The high flexibility of GNCDE has permitted to adapt very quickly the rendezvous and docking template (originally used for an ATV-ISS docking scenario) to the two different ADR scenarios, parametrizing it opportunely to include configuration, initial orbital and attitude data of both ENVISAT and the chaser spacecraft. Sensors and actuators parameters have been also modified to take into account the typical accuracies and errors in the two cases. The rendezvous trajectories have been tailored to these scenarios and the GNC laws adapted to their specific needs.

In the case of PRIDE-ISV scenario, the study preliminarily indicates that the vehicle could be potentially suitable for an ENVISAT ADR mission. Using the link between GNCDE and Celestia, a video showing the capture phase, including synchronization between PRIDE-ISV and ENVISAT, has been also set up. In the case of E-Deorbit, the work to be done has a longer schedule aiming at a fully validated GNC and the design is still on-going. The paper will present the process which is being followed for GNC DD&VV of this specific scenario, how this process is supported by the GNCDE environment and the available preliminary results.

Index Terms— GNCDE, PRIDE-ISV, E-DEORBIT, ENVISAT, ADR

1. GNCDE overview

The GNC design process usually comprises a set of different disciplines and requires involvement of a team composed of people with different background knowledge and formation.

The set of knowledge areas usually involved to a certain extent in the GNC design process includes:

-  Mission design and planning

-  Spacecraft systems knowledge

-  Trajectory design

-  Control design

-  Sensor technology

-  Navigation strategy and Navigation filters design

-  Onboard SW coding

-  SW verification

-  System verification (including HW in the loop)

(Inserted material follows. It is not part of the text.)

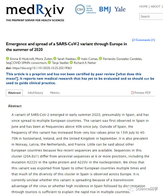 “西班牙的这个集群的大部分多样性在整个欧洲都能观察到,”研究人员写道。“目前还不清楚这种变种是否因为病毒的传播优势而传播,或者西班牙的高发病率随后通过游客传播是否足以解释在多个国家的快速上升。”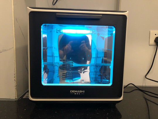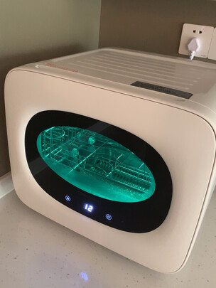 颜值很高了,噪音也不大,工作的时候发出蓝光我儿子说像科幻电影,但是热风循环不能完全把水份带走,还是不能偷懒要晾干了再消毒。还有保护不锈钢面板的那个膜可真难撕啊,撕得心碎。

The GNC design loop is, in general, an iterative process, where the designer moves forward and backward through the several steps of the sequence, in order to refine the functions being designed. Indeed, initial requirements and assumptions can be usually reconsidered in view of the results obtained from either preliminary analyses or detailed performances evaluation. Due to this iterative nature of the work, the handling of the design data, including inputs and outputs to the process (requirements, synthesis models, parameterization of the models, mathematical representation of the navigation and control functions, etc...) needs to be managed in a coherent way and made available in a suitable shape to every support tool being used in the process.

All these facts point to the need for integrated GNC development environments that not only provide the tools able to support the analysis, synthesis and evaluation activities required but that also manage in an integrated way the data being used within the full process. GNCDE is such a kind of integrated GNC development environment, able to provide these tools and the data coherence mechanisms among them. The next figure summarizes the GNC DD&VV process and the support provided by GNCDE during the whole cycle.

Figure 1: GNCDE support along the GNC DD&VV Process

2. ENVISAT overview

ENVISAT ([6]) is a European satellite, launched in 2002 for Earth observation purposes. With 10 instruments aboard and at 8 tons, ENVISAT is the largest civilian Earth observation mission ever delivered on orbit. The ENVISAT mission ended on 08 April 2012, following the unexpected loss of contact with the satellite. Since then, ENVISAT has been coasting without any possibility to command it or even communicate with it. It is now considered the top priority target for an ADR mission. ENVISAT is a high priority ADR target because of its mass, its long decay time (at least 150 years) and its location on a Sun-synchronous orbit that is critical due to its proximity to other Earth observation satellites and debris.

ENVISAT’s position is constantly monitored from the ground, along with other debris, to prevent any collision with an active satellite through collision avoidance maneuvers. Currently, ENVISAT orbits at an altitude of 766km, on a nearly circular orbit, with an inclination of 98.346º. While the position and the physical characteristics of ENVISAT, like the mass, center of gravity or inertia tensor, are known with a relatively good precision, it is not the case with its attitude.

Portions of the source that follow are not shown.